# EXERCISE MATERIAL:
● ● ● ● ● ● ●

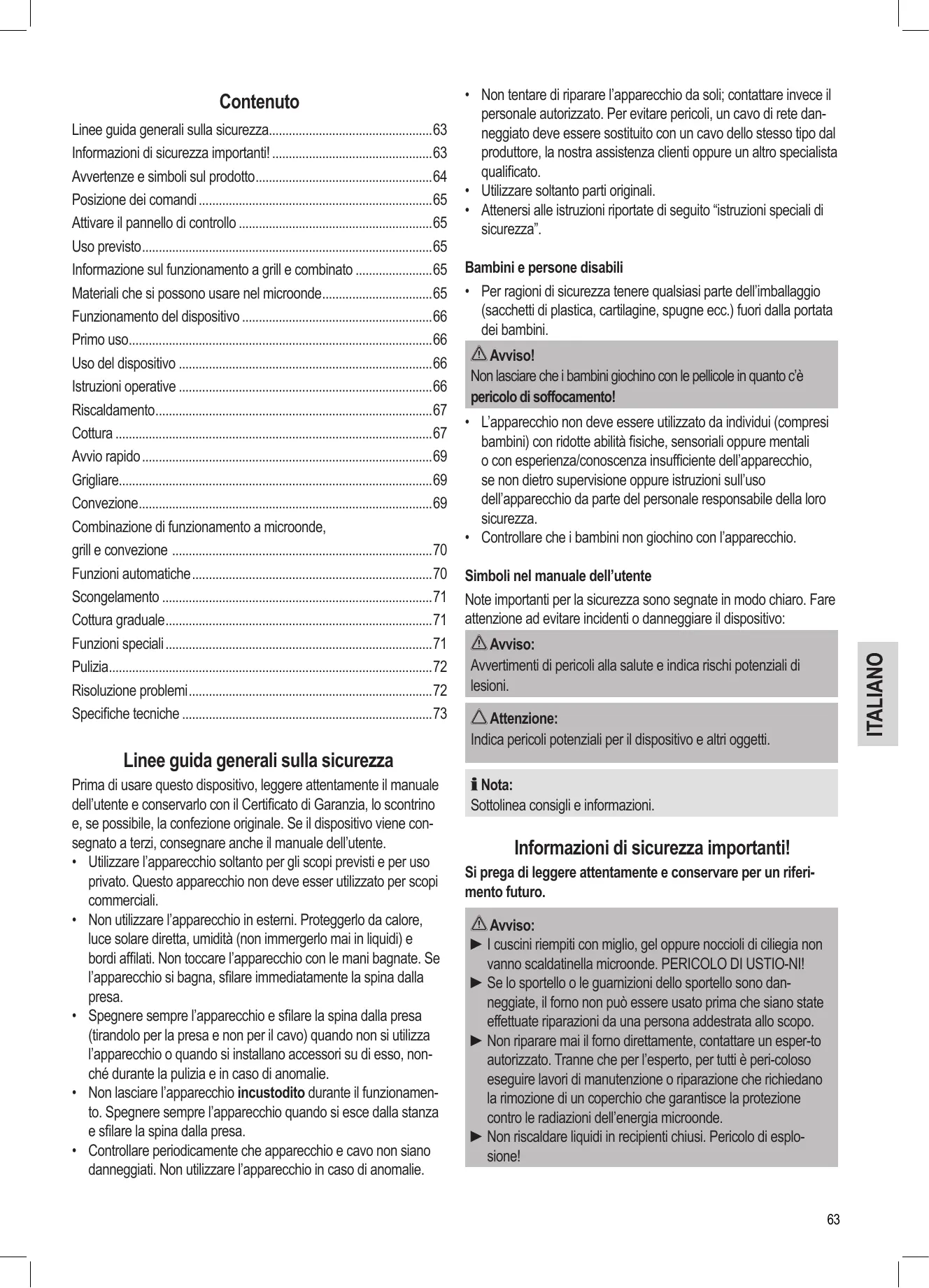 - Combinazione di funzionamento a microonde, grill e convezione p. 70
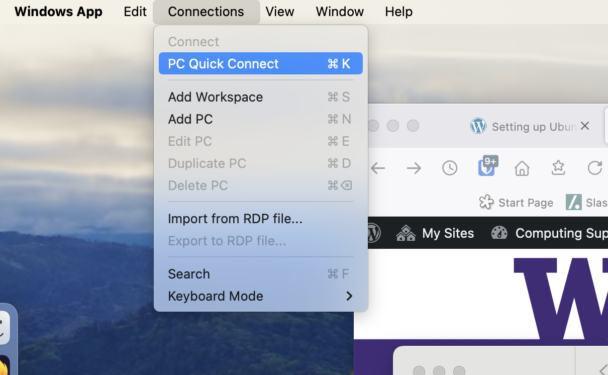 2. From the “Connections” menu, select “PC Quick Connect”:
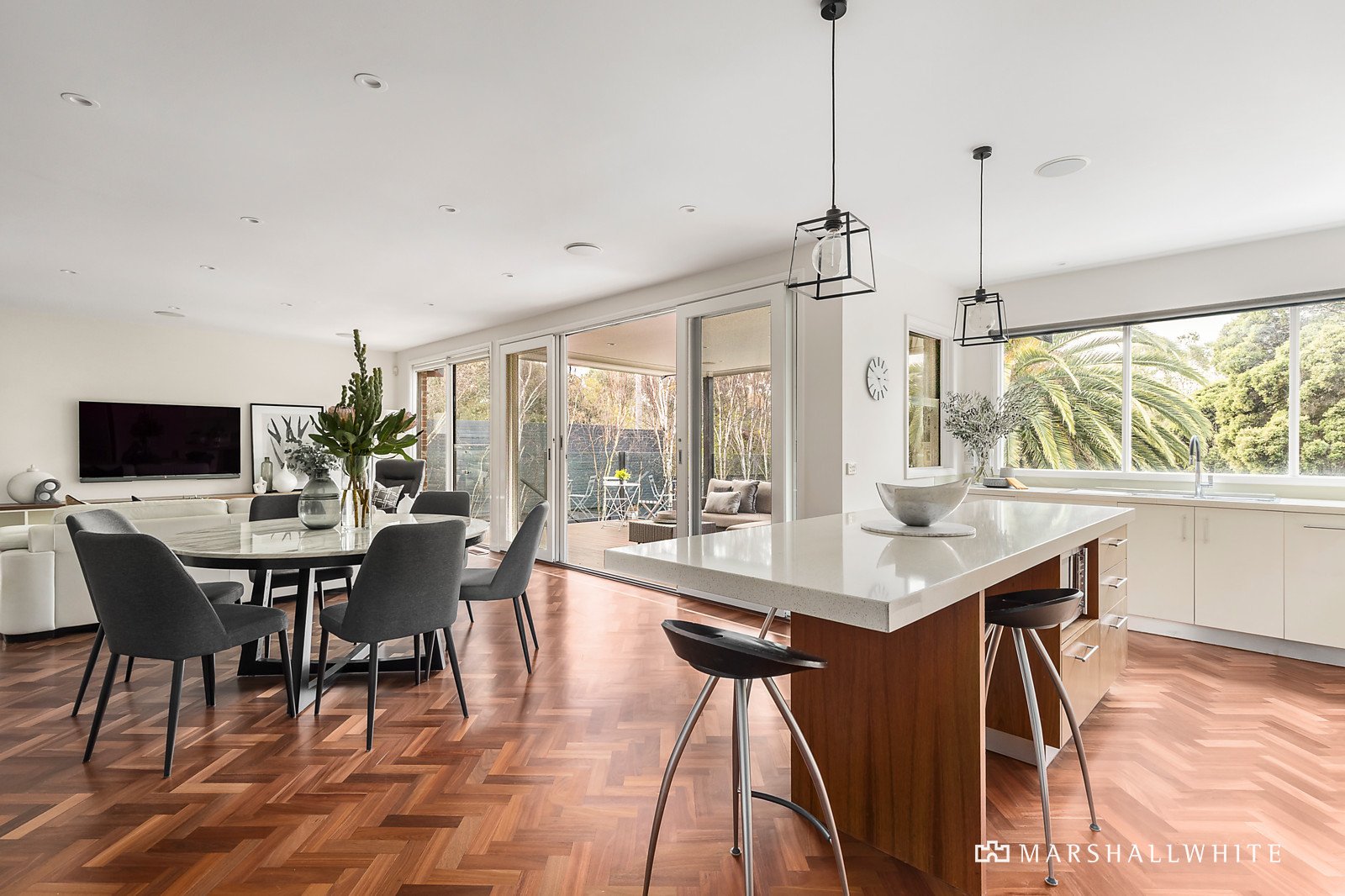 The enduring appeal of an English-style clinker brick home is showcased in this superb example where a sympathetic renovation and a split-level extension has transformed the interior into an exceptional family living and entertaining precinct of the highest standards. Highlighted by a northern covered deck with leafy vistas over a magnificent solar heated pool and spa to the rear garden with direct gate access to Ferndale Park.
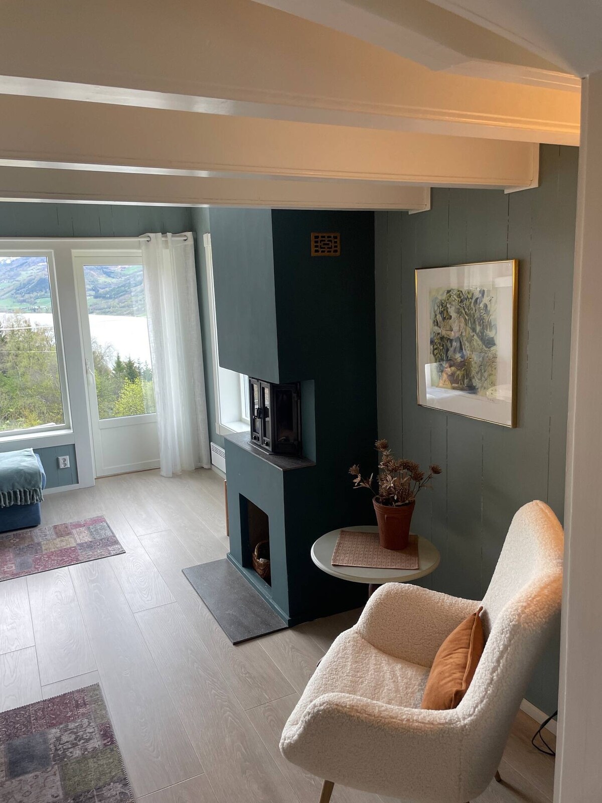In the middle of our merino sheep farm stands this characterful house. It features a cozy studio with a fireplace. The house is at 650 meters altitude in the mountains and has a beautiful view of the valley and the village of Kvam. You can enjoy hiking from here to a small waterfall, visit Rondane NP or help feed our merino sheep. This location is very suitable for guests with children. Guest from the studio can use the shared bathroom and toilet in our community house.
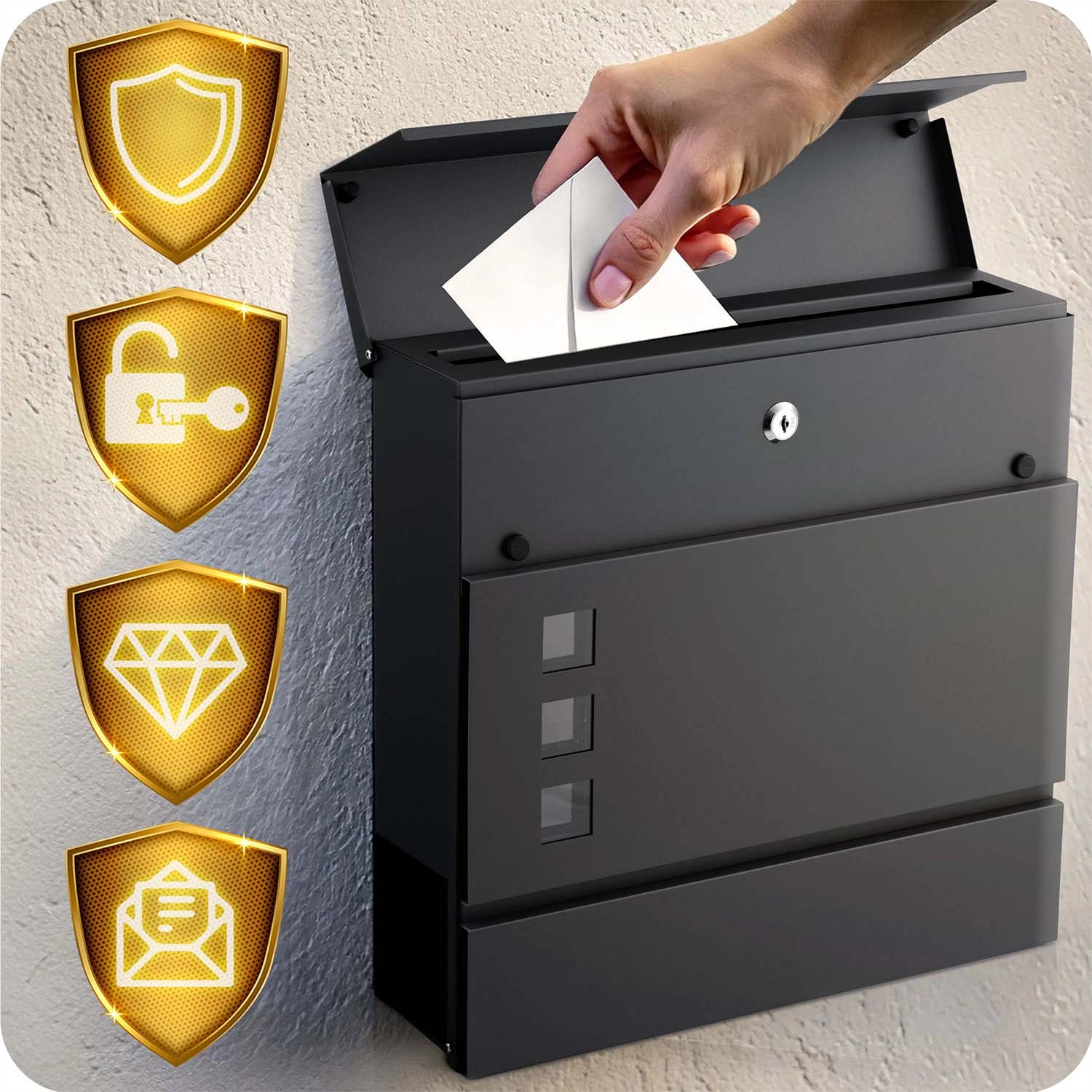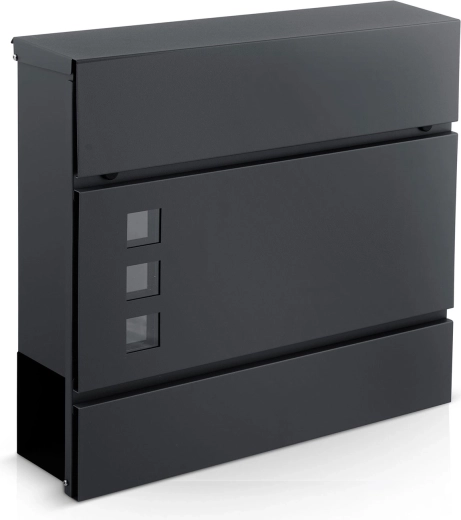 Moderan poštanski sandučić od pocinčanog čelika s držačem za novine u elegantnoj antracit boji osigurava sigurno pohranjivanje pošte i novina. Zahvaljujući prašnatom lakiranju otporan je na vremenske uvjete, ima tihi, amortizirani gornji otvor, prozorić za provjeru sadržaja i sigurnu bravu s dva ključa. Jednostavna montaža zahvaljujući priloženom setu tiplova i vijaka.

● ● ● ● ● ● ●

# WHAT IS NEEDED:
Restate the listing above word for word, and skip the pictures.

# ANSWER FOR THIS EXERCISE:
 - Combinazione di funzionamento a microonde, grill e convezione p. 70
 2. From the “Connections” menu, select “PC Quick Connect”:
 The enduring appeal of an English-style clinker brick home is showcased in this superb example where a sympathetic renovation and a split-level extension has transformed the interior into an exceptional family living and entertaining precinct of the highest standards. Highlighted by a northern covered deck with leafy vistas over a magnificent solar heated pool and spa to the rear garden with direct gate access to Ferndale Park.
In the middle of our merino sheep farm stands this characterful house. It features a cozy studio with a fireplace. The house is at 650 meters altitude in the mountains and has a beautiful view of the valley and the village of Kvam. You can enjoy hiking from here to a small waterfall, visit Rondane NP or help feed our merino sheep. This location is very suitable for guests with children. Guest from the studio can use the shared bathroom and toilet in our community house.
 Moderan poštanski sandučić od pocinčanog čelika s držačem za novine u elegantnoj antracit boji osigurava sigurno pohranjivanje pošte i novina. Zahvaljujući prašnatom lakiranju otporan je na vremenske uvjete, ima tihi, amortizirani gornji otvor, prozorić za provjeru sadržaja i sigurnu bravu s dva ključa. Jednostavna montaža zahvaljujući priloženom setu tiplova i vijaka.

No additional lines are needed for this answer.